36.) Every hardcore music fan thinks he or she could do a better job than every major-label talent scout. Still, Max Casella’s head of A&R Julie Silver is such a cartoon clown that he should be wearing face paint. And…

37.) When Richie asks Julie if he should wear the Black Sabbath or Pink Floyd T-shirt to the A&R meeting where he’s about to announce a new (punk) sound aborning, and he goes with the Sabbath, the writers missed the fantastic opportunity for him to choose the Floyd but detourne it by ripping it up and adding an “I Hate…” in Magic Marker, as Johnny Rotten once did.

Julie Silver/Max Casella with Richie and a mysteriously blacked-out Sabbath T (HBO)

38.) Speaking of the dying dinosaurs, Richie breaking a perfectly good Jethro Tull record really was unforgivable! (Alright, that was a joke.

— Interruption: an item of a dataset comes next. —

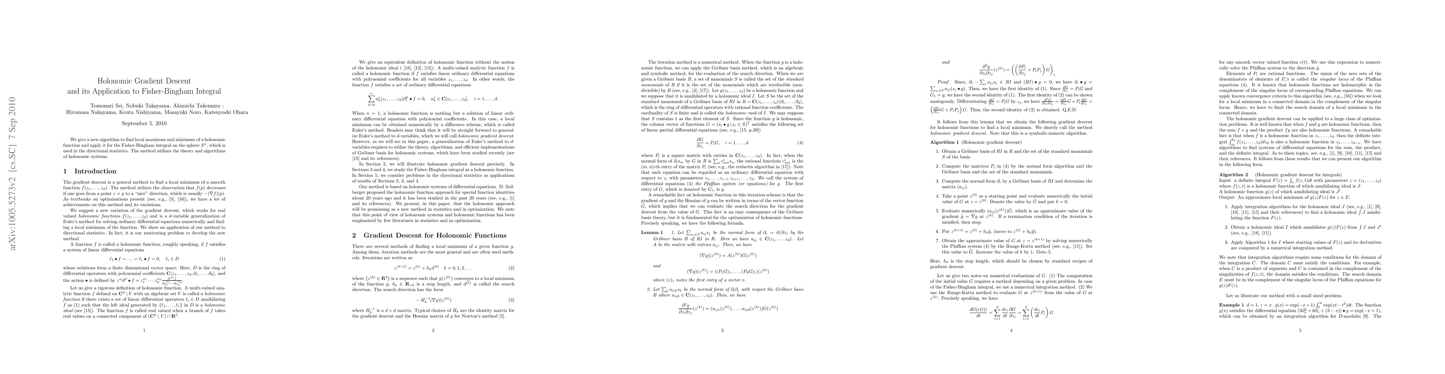 Summary: This paper introduces a novel holonomic gradient descent algorithm for finding local extrema of holonomic functions and applies it to compute the Fisher-Bingham integral on the sphere, a key tool in directional statistics. The method leverages advanced holonomic systems theory and algorithms.

But no matter how far out of his gourd he was on booze and coke, no music lover could ever destroy an original Bo Diddley cigar-box guitar as Richie does in a coked-up tantrum!)

39.) Scorsese’s relationship with music is problematic. Sure, he’s made some timeless choices from the rock canon for the soundtracks of some of his films. But he’s overly worshipful of that canon; he’s far too enthralled with the rosy glow of nostalgia, and he’s forever sucking up to his heroes rather than challenging them, as punk did. His Bob Dylan documentary was a toothless bore; his Rolling Stones concert film was even more of a snooze, and let us never forget that he helmed the most slavishly suck-up, horribly overrated rock film of all time, The Last Waltz, as noted by no less a sage than legendary rock critic Lester Bangs. Speaking of whom…

40.) The show namechecks Bangs within its first few minutes—evil receptionist to Richie upon his arrival at the company’s Brill Building offices: “Lester Bangs returned your call!”—though to no good end. Invoking Lester only underscores that someone involved behind the scenes of this mess knows better, and the same is true of the many other cool name-drops so far, among them Captain Beefheart, the MC5, and Suicide. Fellas, you may know the names, but you don’t seem to have gotten the messages.

At least, not yet. We’ll find out if things take a turn for the better—and despite low ratings and skeptical to savage reviews, HBO already has renewed Vinyl for a second season after the first nine episodes.

Wait, did I just say we’ll find out?

Yeah, I did. Despite all of the reasons listed above, and probably many more to come, I’m hooked, if only to hate-watch the damn thing. I mean, how could I not? They namechecked Lester Bangs!